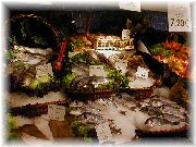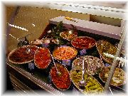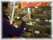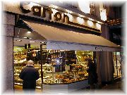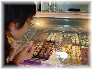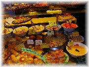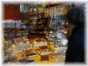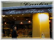| おいしそうな惣菜コーナーもあります。 | ウインドー越しに色々なチョコレートを眺めるオーナー夫人。「買う?」 | お菓子屋はたくさんありますが、すべてうまいとは限りません。 | サンジェルマンデプレでは夜もマルシェが出ます。活気あるなあ。 |
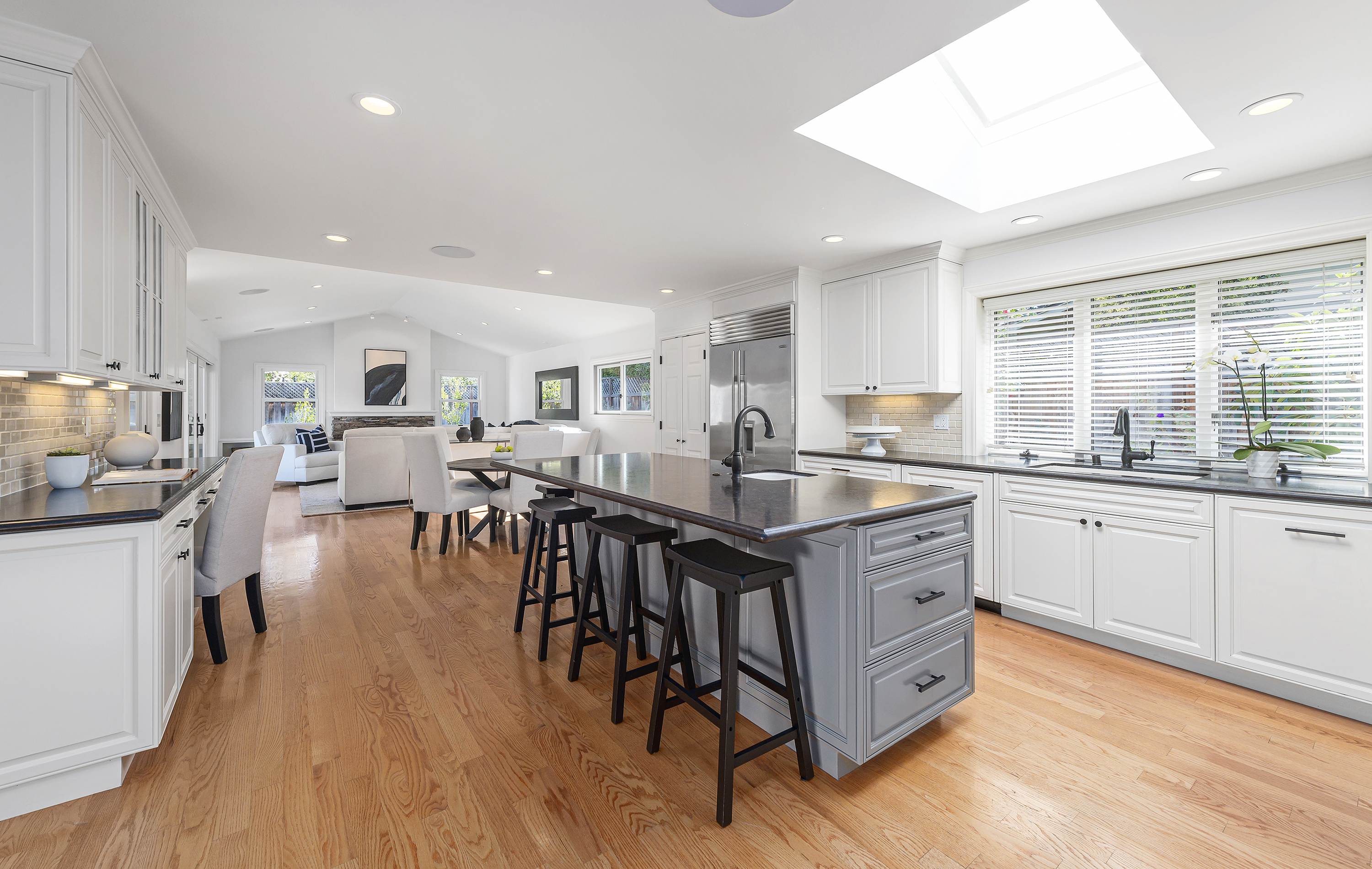 Kitchen Opens to a Spacious Family Room with Fireplace and Built-ins
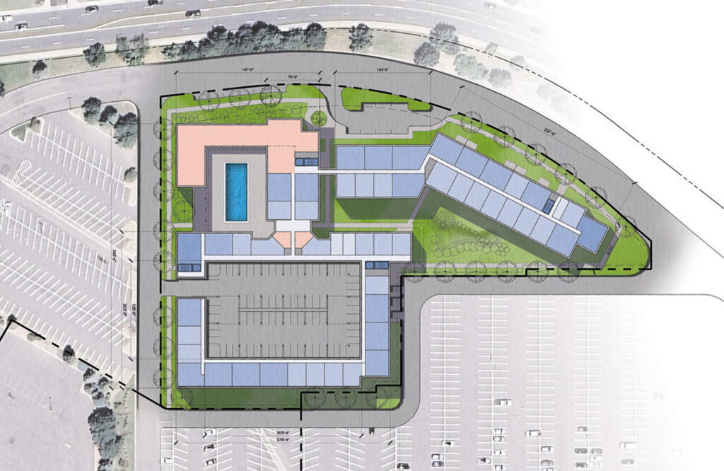 This multifamily, two-phase wrap is currently planned to reclaim 4 acres of blighted asphalt in the Northwest corner of the Southwest Plaza shopping mall. This design takes advantage of the beautiful mountain views and great solar access to the outdoor pool deck and amenity wing. When complete, this site will add nearly .75 acres of water quality through the various landscaped zones, providing relief from the heat island effect and excessive stormwater runoff.
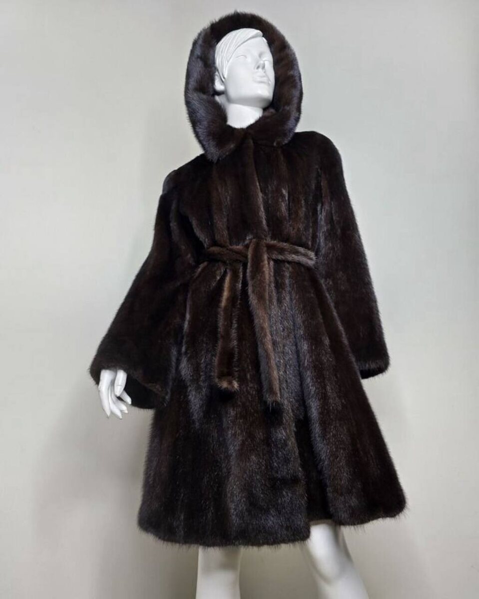 Утончённая шубка-платье из натуральной норки с капюшоном и стильным меховым кушаком на талии. Шубка не новая, но в отличном виде – без потёртостей и дефектов.👌
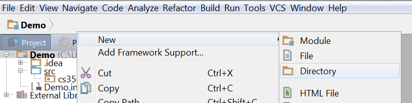 directory itself.To create a test directory, right-click on the project itself, and select New -> Directory:
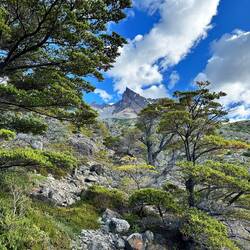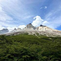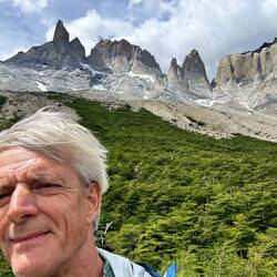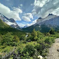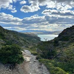 Es regnet immer leicht und windet stark - bei der einen steilen Steigung habe ich so Rückenwind, dass es mich echt fast hinaufbläst. Der Weg ist echt schön. Zwar leicht auf und ab, aber gut zu gehen, etwas sandig, vor allem in steilen Partien! Überhole Viele mit Gepäck und ohne, einige kommen auch entgegen. Der Torres ist immer noch im Grauschleier, wo ich stehe, ist Sonne und ab und zu Kühlung durch leichten Regen. Zurück jogge ich des öfters und erschrecke manchmal Leute. Auch meine Kniekehlen machen wieder mit, bis auf einmal keine Probleme. 8 km mit rund 200 Meter Steigung in 1:52 Std.

====

#### Problem details
Omitting the pictures, write out the material above exactly as it stands.

#### Exercise answer
| おいしそうな惣菜コーナーもあります。 | ウインドー越しに色々なチョコレートを眺めるオーナー夫人。「買う?」 | お菓子屋はたくさんありますが、すべてうまいとは限りません。 | サンジェルマンデプレでは夜もマルシェが出ます。活気あるなあ。 |
 Kitchen Opens to a Spacious Family Room with Fireplace and Built-ins
 This multifamily, two-phase wrap is currently planned to reclaim 4 acres of blighted asphalt in the Northwest corner of the Southwest Plaza shopping mall. This design takes advantage of the beautiful mountain views and great solar access to the outdoor pool deck and amenity wing. When complete, this site will add nearly .75 acres of water quality through the various landscaped zones, providing relief from the heat island effect and excessive stormwater runoff.
 Утончённая шубка-платье из натуральной норки с капюшоном и стильным меховым кушаком на талии. Шубка не новая, но в отличном виде – без потёртостей и дефектов.👌
 directory itself.To create a test directory, right-click on the project itself, and select New -> Directory:
 Es regnet immer leicht und windet stark - bei der einen steilen Steigung habe ich so Rückenwind, dass es mich echt fast hinaufbläst. Der Weg ist echt schön. Zwar leicht auf und ab, aber gut zu gehen, etwas sandig, vor allem in steilen Partien! Überhole Viele mit Gepäck und ohne, einige kommen auch entgegen. Der Torres ist immer noch im Grauschleier, wo ich stehe, ist Sonne und ab und zu Kühlung durch leichten Regen. Zurück jogge ich des öfters und erschrecke manchmal Leute. Auch meine Kniekehlen machen wieder mit, bis auf einmal keine Probleme. 8 km mit rund 200 Meter Steigung in 1:52 Std.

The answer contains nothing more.